Spenge: Die Werburg in Spenge ist nicht nur ein beliebtes Ausflugsziel, sondern als denkmalgeschütztes ehemaliges Rittergut auch das älteste profane Gebäudeensemble in Spenge. Der Vorstand der NRW-Stiftung beschloss unter dem Vorsitz von Stiftungspräsident Eckhard Uhlenberg, die inhaltliche Überarbeitung und moderne Ausstattung der Dauerausstellung des Werburg-Museums im Herrenhaus mit einer Förderung von bis zu 50.000 Euro zu unterstützen. Bei einem Besuch in Spenge überreichte Vorstandsmitglied Dr. Ute Röder die Förderurkunde.

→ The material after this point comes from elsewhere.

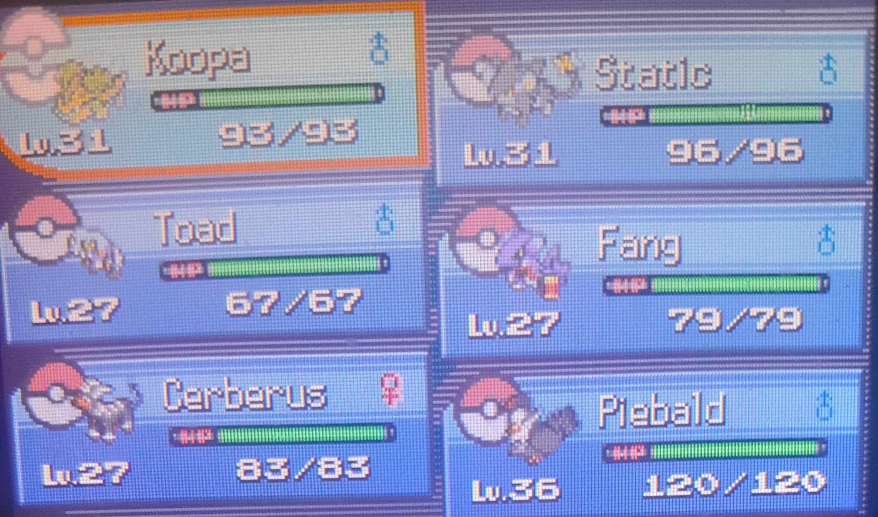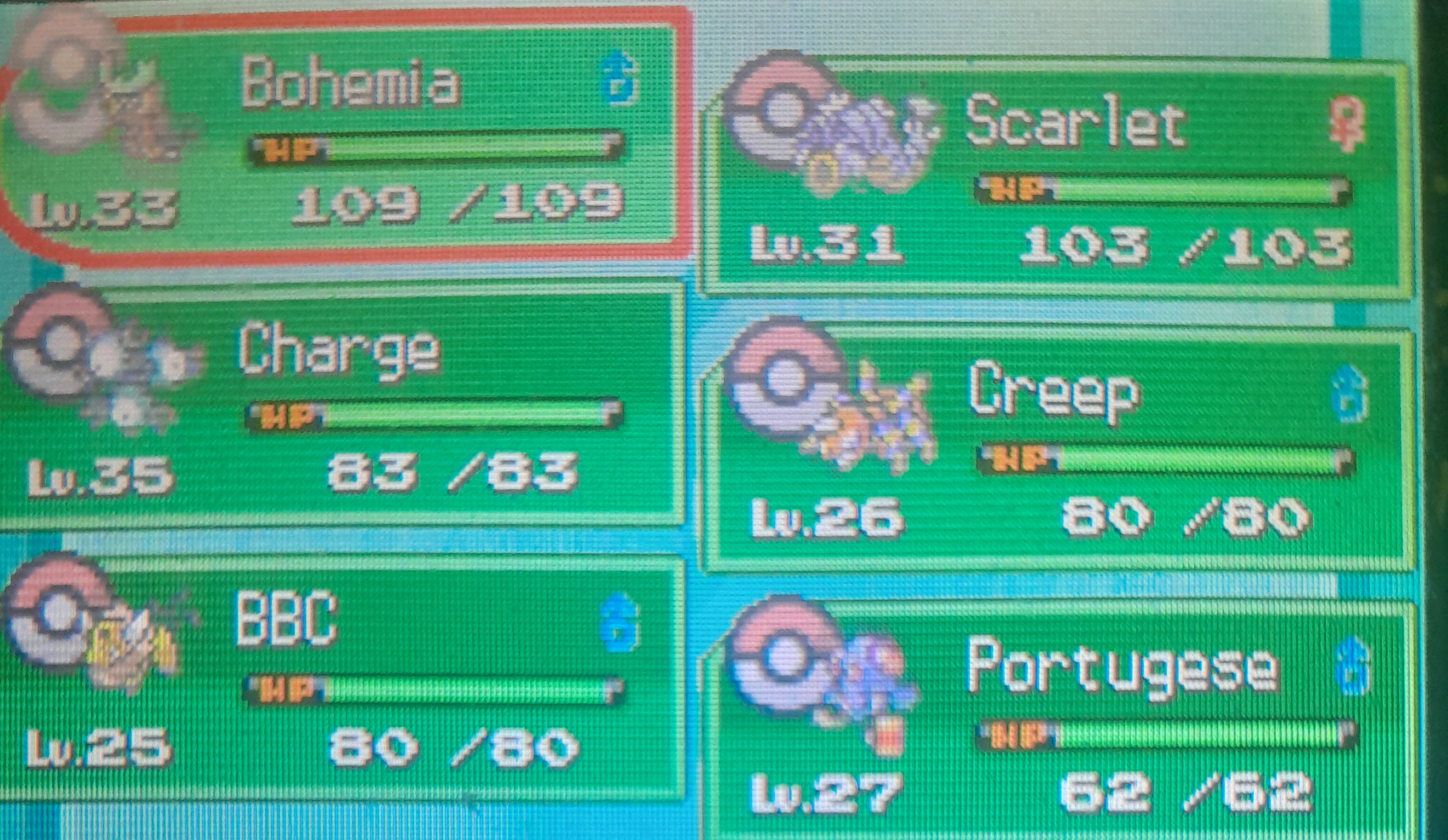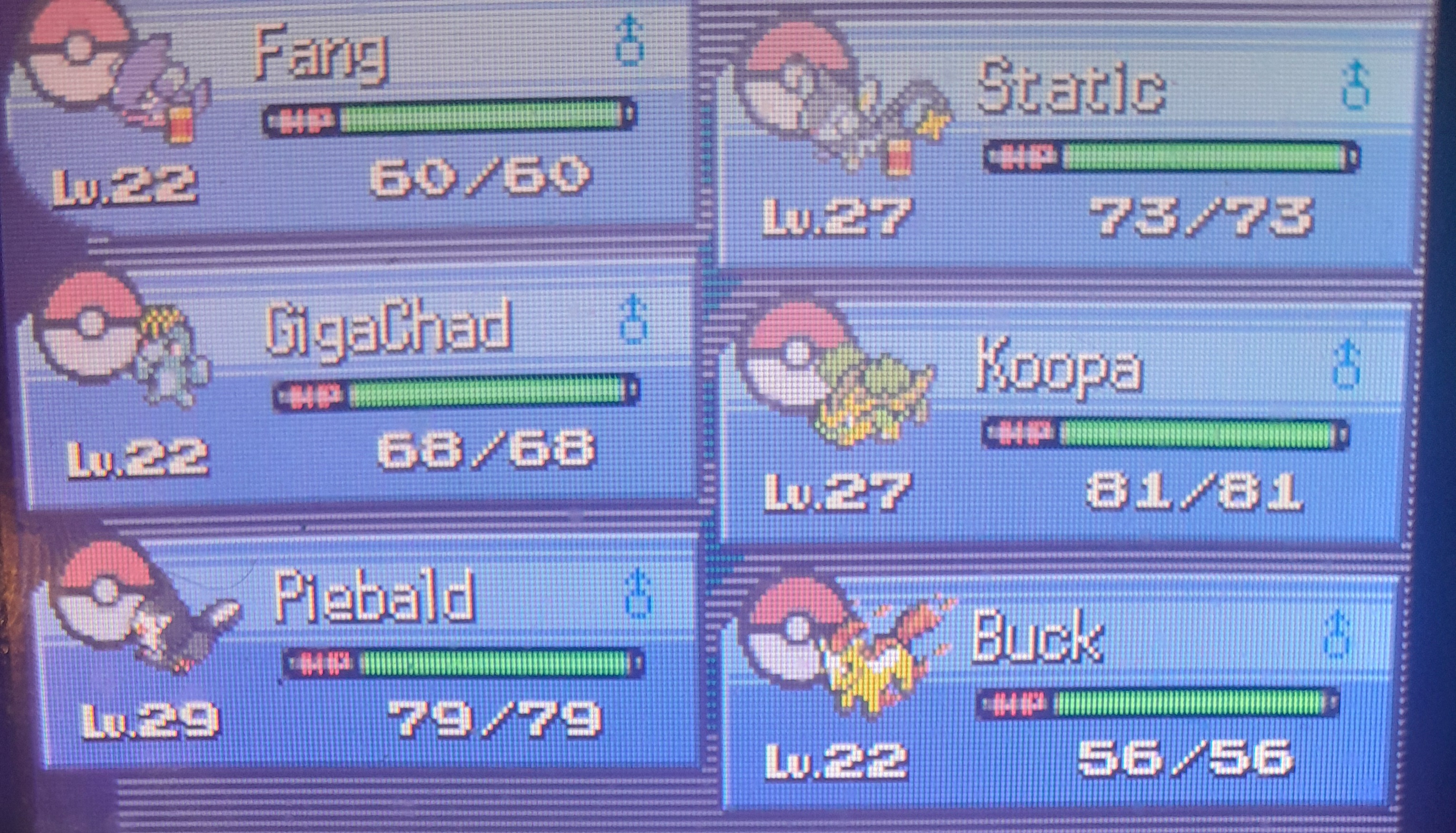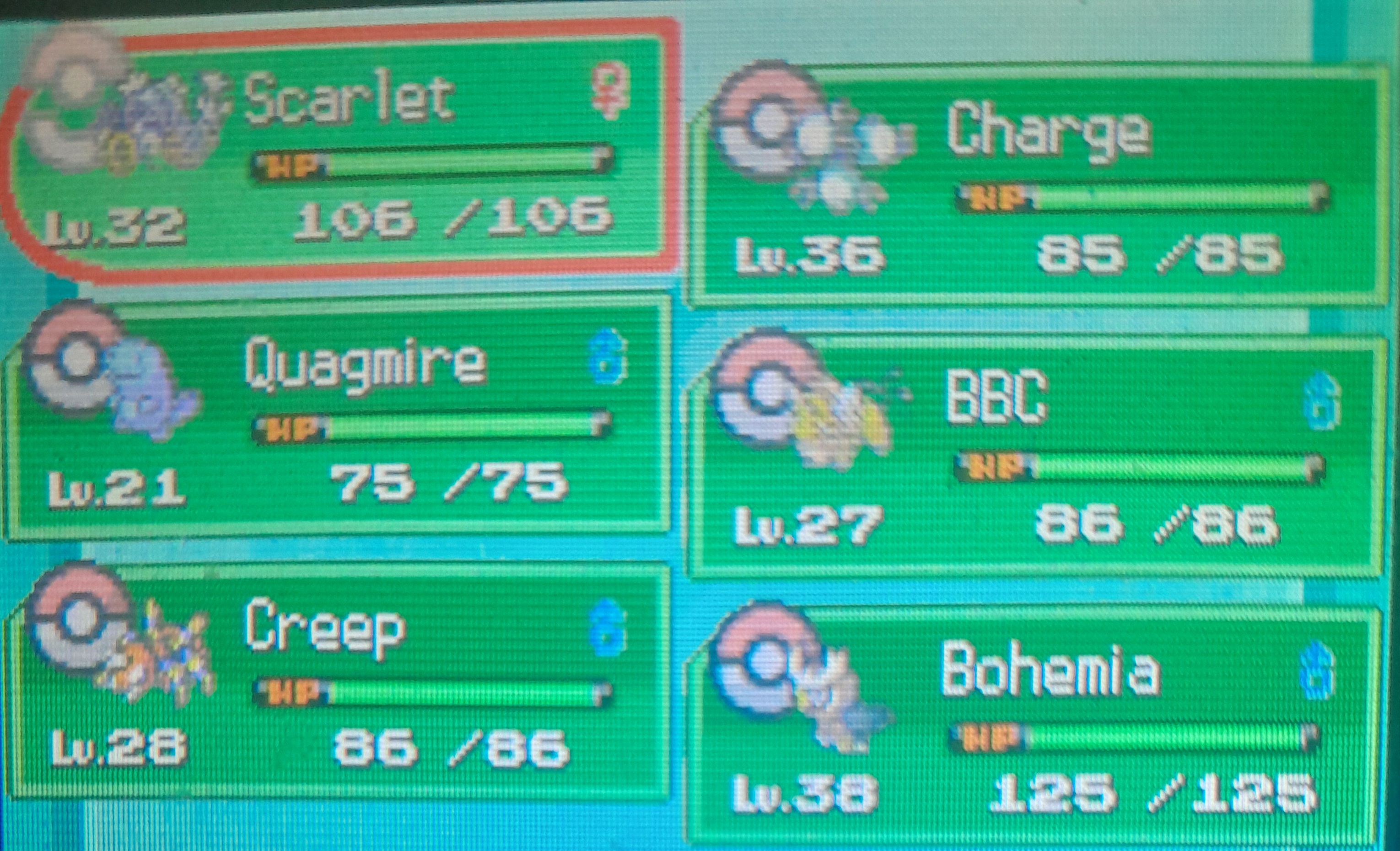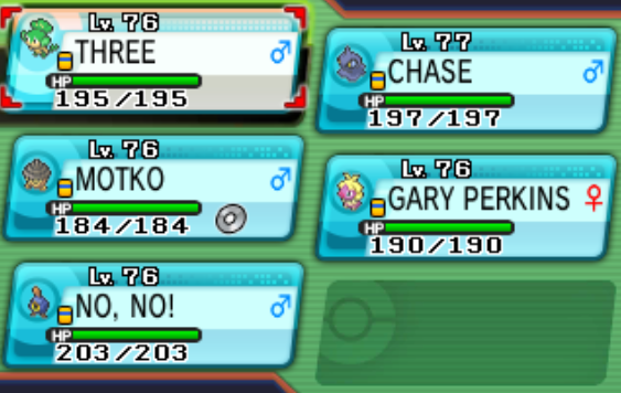 Here are the pokemon that survived. Atleast they got to live and if anyone wants them, just let me know and I will bust out the link cable.My next nuzlocke will be Platinum.

„Die Werburg ist ein bedeutender Ort regionaler Geschichte. Mit der Modernisierung der Dauerausstellung sorgen wir dafür, dass zehn Jahre nach der Eröffnung historische Inhalte zeitgemäß vermittelt werden und auch künftige Generationen Geschichte anschaulich erleben können“, sagte Dr. Ute Röder.
Das Herrenhaus war von 2010 bis 2016 behutsam restauriert und zu einem Museum umgebaut worden. Die multimedial unterstützte Dauerausstellung zur Orts-, Regional- und Adelsgeschichte des 16. bis 18. Jahrhunderts erschließt sämtliche Räume und dient auch als außerschulischer Lernort. Hier sind die Besuchenden auf der Spur der ehemaligen Burgbewohnerinnen und -bewohner und entdecken, wie sie im Alltag gelebt und gearbeitet haben.